Conan the Liberator
- Cover of first edition.
- Author: L. Sprague de Camp Lin Carter
- Illustrator: Tim Kirk
- Cover artist: Bob Larkin
- Language: English
- Series: Conan the Barbarian
- Genre: Sword and sorcery
- Publisher: Bantam Books
- Publication date: 1979
- Publication place: United States
- Media type: Print (Paperback)
- Pages: 274
- ISBN: 0-553-12706-3
- OCLC: 6390811

= Conan the Liberator =

1979 novel by L. Sprague de Camp and Lin Carter

Conan the Liberator is a fantasy novel by American writers L. Sprague de Camp and Lin Carter, featuring Robert E. Howard's sword and sorcery hero Conan the Barbarian. It was first published in paperback by Bantam Books in February 1979, and reprinted in 1982; later paperback editions were issued by Ace Books (July 1987 and April 1991). The first hardcover edition was published by Tor Books in June 2002; a trade paperback followed from the same publisher in 2003. The first British edition was from Sphere Books (July 1987). The novel was later gathered together with Conan the Swordsman and Conan and the Spider God into the omnibus collection Sagas of Conan (Tor Books, 2004).

Howard himself never wrote the tale of this turning point of Conan's life, when, starting as wandering mercenary and pirate, he became a king. The only detail provided in the canonical Howard stories is that Conan strangled Numedides on his own throne and then crowned himself with the dead king's crown. Carter and de Camp, filling in this link in Conan's career, show that a prolonged, arduous military campaign was needed before he got to this point, that there were many setbacks and moments when all seemed lost. Also, while Conan's own courage and perseverance played a crucial role, his success also owed a great deal to a band of loyal and dedicated companions, some of whom did not survive to see the final victory.

==Plot summary==
Following the events of the story "The Treasure of Tranicos", Conan joins a conspiracy of former comrades-in-arms to overthrow Numedides, the mad and tyrannical king of Aquilonia.
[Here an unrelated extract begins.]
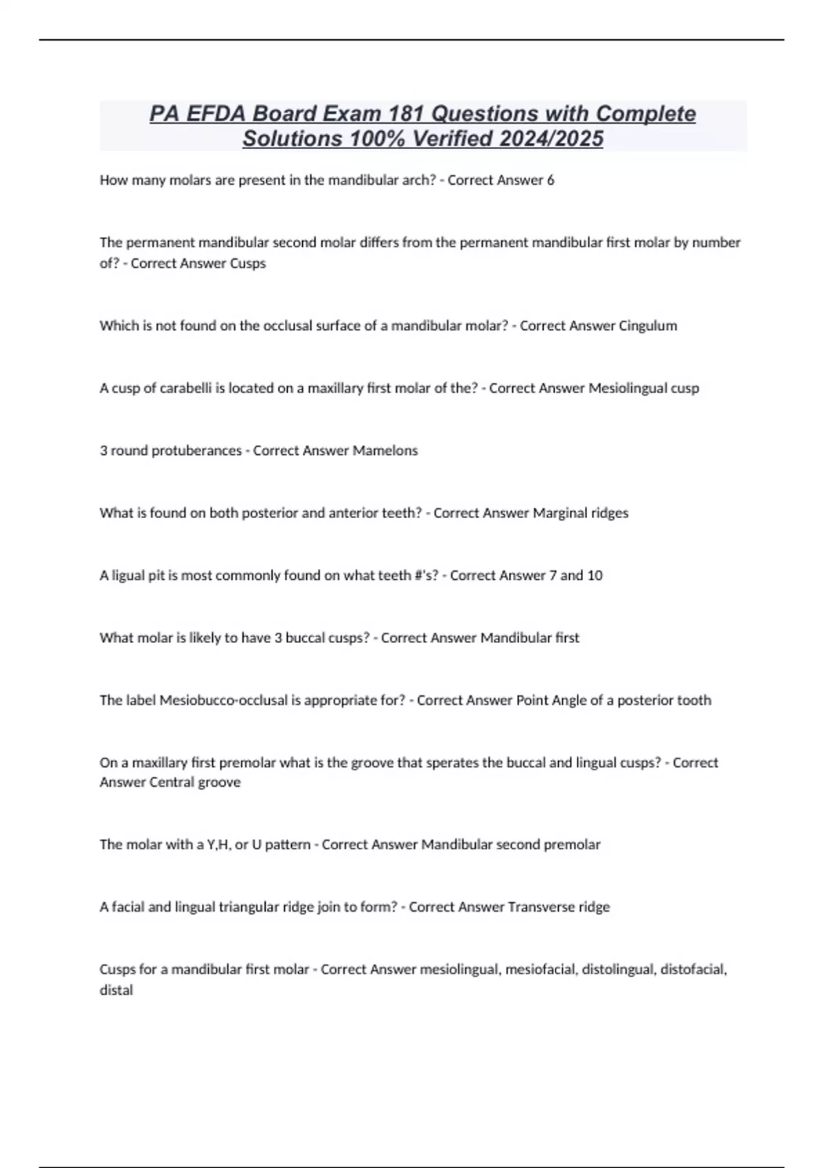 PA EFDA Board Exam 181 Questions with Complete Solutions 100% Verified 2024/2025 How many molars are present in the mandibular arch? - Correct Answer 6 The permanent mandibular second molar differs from the permanent mandibular first molar by number of? - Correct Answer Cusps Which is not found on the occlusal surface of a mandibular molar? - Correct Answer Cingulum A cusp of carabelli is located on a maxillary first molar of the? - Correct Answer Mesiolingual cusp 3 round protuberances - Correct Answer Mamelons What is found on both posterior and anterior teeth? - Correct Answer Marginal ridges A ligual pit is most commonly found on what teeth #'s? - Correct Answer 7 and 10 What molar is likely to have 3 buccal cusps? - Correct Answer Mandibular first The label Mesiobucco-occlusal is appropriate for? - Correct Answer Point Angle of a posterior tooth On a maxillary first premolar what is the groove that sperates the buccal and lingual cusps? - Correct Answer Central groove The molar with a Y,H, or U pattern - Correct Answer Mandibular second premolar A facial and lingual triangular ridge join to form? - Correct Answer Transverse ridge Cusps for a mandibular first molar - Correct Answer mesiolingual, mesiofacial, distolingual, distofacial, distal

As commander of the rebel forces, he has the prospect of becoming king himself if they succeed. However, Conan has not only Numedides' loyal troops, led by General Procas, to overcome, but the magic of an evil sorcerer named Thulandra Thuu.

Chronologically, Conan the Liberator overlaps the events of the story "Wolves Beyond the Border", and is followed by the story "The Phoenix on the Sword".

==Adaptation==
The de Camp version of the story was adapted by
Roy Thomas and Tony DeZuniga in Savage Sword of Conan #49-52.

==Reception==
Shortly before publication of the first hardcover edition in 2002, Kirkus Reviews pronounced that "[o]nce again, de Camp and Carter mime Howard's hyperbolic spirit and majestic inverted syntax with great style." The review expressed no other opinion as to the merit of the novel.

Michael Rogers in Library Journal wrote "[t]he plot is typical," but "[d]espite the corny story, de Camp and Carter's solid rep in the sword and sorcery world will guarantee fun for fans of the series."

Don D'Ammassa called the book "a pretty good story" and noted that "the military encounters are very well constructed."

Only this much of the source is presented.